July 13, 2020 06:35 pm
Scientists are calling out for more bat research (Photo : NEXU Science Communication/via REUTERS)

New research claims that COVID-19 herd immunity could be achieved with fewer people acquiring the virus than previously believed.

Scientists from the University of Stockholm and the University of Nottingham came up with a model that categorized people into groups reflecting social activity level and age. When both factors are considered in the model, the level of herd immunity drops down from 60% to 43%. Note that 43% is an illustrative representation rather than an exact value.

What exactly is herd immunity?

Herd immunity is a form of indirect protection from infectious disease that happens when so many people have become immune to infection. This could happen upon getting a vaccine or when natural immunity is developed. When a large percentage becomes immune, the spread of that disease eventually stops.

Researchers had taken a new mathematical approach in order to estimate the herd immunity level for a population to a contagious disease, like in the case of the current coronavirus pandemic. The herd immunity threshold is defined as the percentage of the population that must become immune for the disease to stop spreading when all preventive measures are lifted.

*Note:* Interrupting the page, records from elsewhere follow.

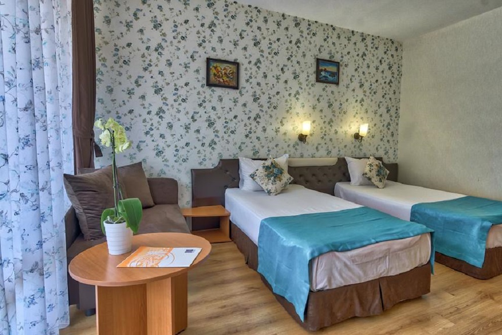 Анимация за деца и възрастни 6 пъти седмично (мини дискотека, aqua zumba, игри, шах, водна топка, дартс, пинг-понг) през юли и август. Сауна, масажи. За децата детска площадка, детски басейн, детски клуб за деца от 4 до 12 год., детско столче в ресторанта. Денонощно медицинско обслужване. Безплатен Wi-Fi на Лоби бара.
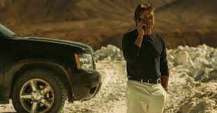 For his latest, he’s hit the gym, mastered a faint drawl and studied that confused, punch-drunk look of a veteran fighter whose memory and very consciousness comes and goes as he staggers towards 50. Stoop-shouldered, he leans so far into his gait that it’s like he’s stalking a foe, or about to fall down in the process. It’s a lovely, lived-in performance.
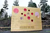 I de gummibelagte skråningene kryr det av unger i alle aldre som klatrer i tau og klatregrep. Det er støpt ned store steiner i gummibelegget, som er malt i mange forskjellige farger.
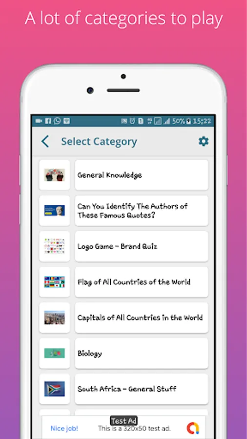Play and get knowledge on many categories and share your results. In this App you will find many categories like
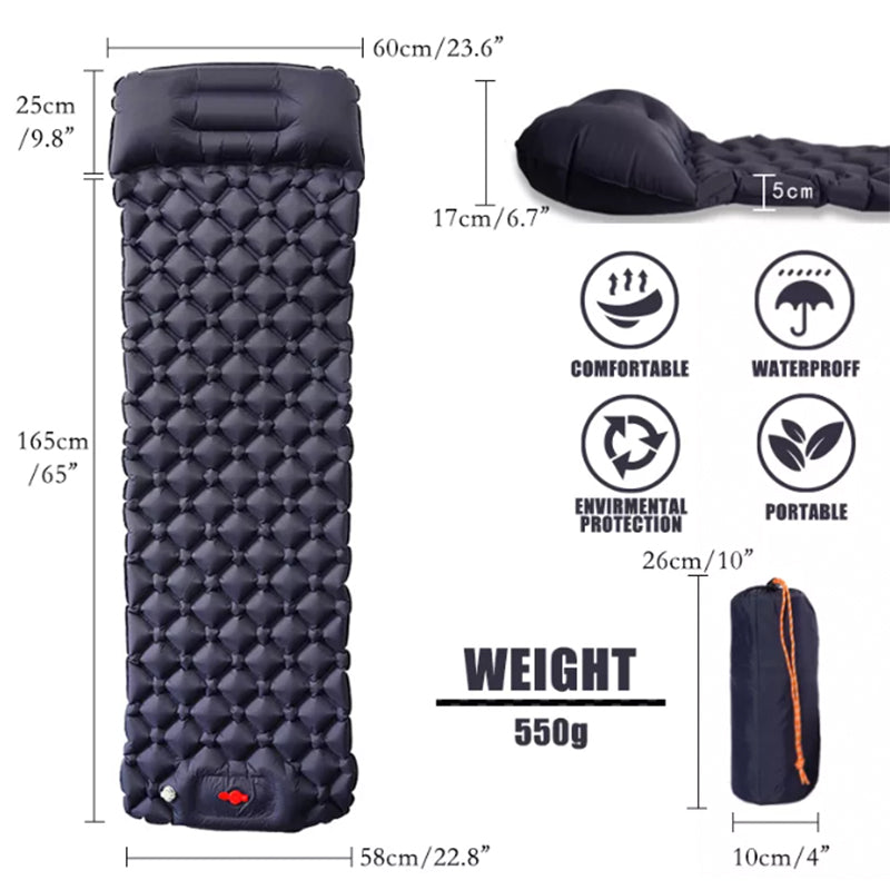 1.No additional Inflate bags are required for this mattress, you can Inflate it within 30seconds with the pressure of hands or feet. This makes it easier to carry and inflate.
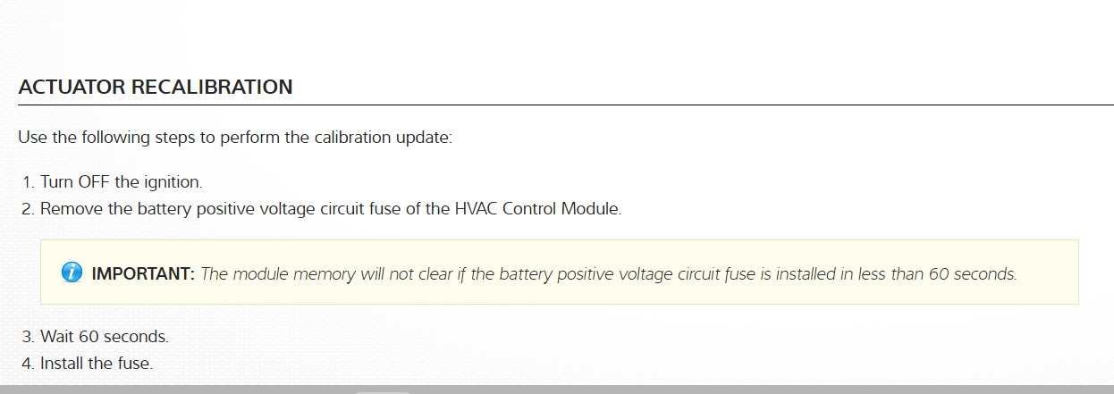 29. Calibrate the HVAC module actuator. Refer to Re-Calibrating Actuators in HVAC Systems - Automatic.
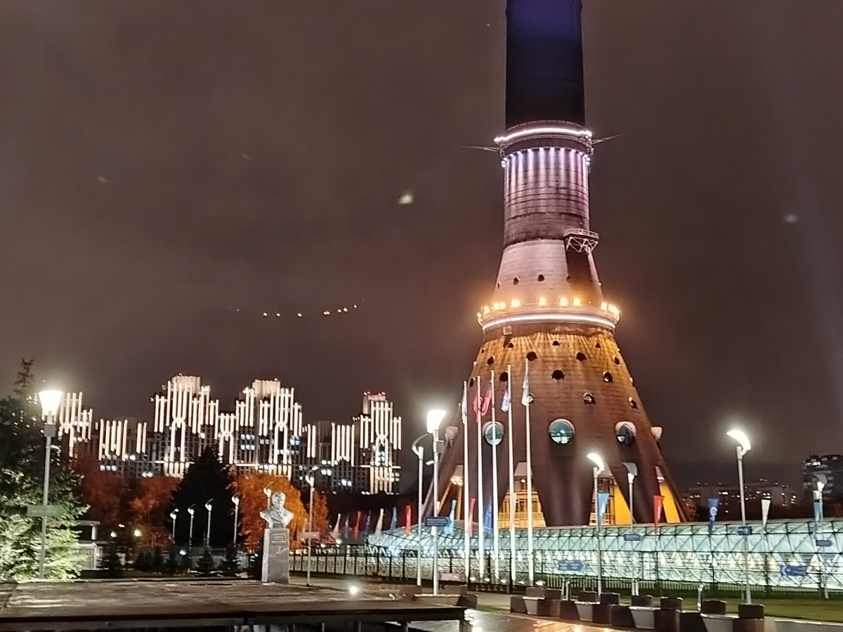Пока стояли в очереди на вход, увидели ярко расцвеченную телебашню.
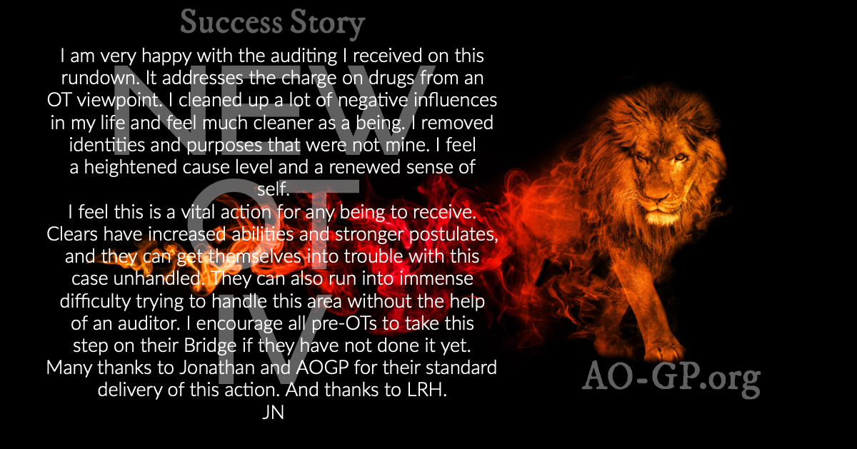 Read full story...I am very happy with the auditing I received on this rundown. It addresses the charge on drugs from an OT viewpoint. I cleaned up a lot of negative influences in my life and feel much cleaner as a...

For COVID-19, experts have previously stated that the herd immunity level is approximately 60%, a figure obtained from the portion of the population that must receive a vaccine to prevent an even larger outbreak. This figure is based on the assumption that each person is vaccinated, thus developing immunity. But the figure is entirely different if immunity is acquired as a result of disease spreading in a population consisting of people with many different behaviors.

"By taking this new mathematical approach to estimating the level for herd immunity to be achieved we found it could potentially be reduced to 43%," University of Nottingham's Frank Ball said. "This reduction is mainly due to activity level rather than age structure."

The research described that people that live more socially active lives are more likely to get infected than those that are less socially active, and they are also more likely to spread the disease because of this active social behavior. Consequently, there is a lower herd immunity level when immunity is caused by disease spreading than when it comes from vaccination.

Applied in the current coronavirus pandemic, these findings suggest that social activity level and other individual variation is a critical aspect to consider in determining herd immunity and in models that help design policy.

The research has been published in the journal Science.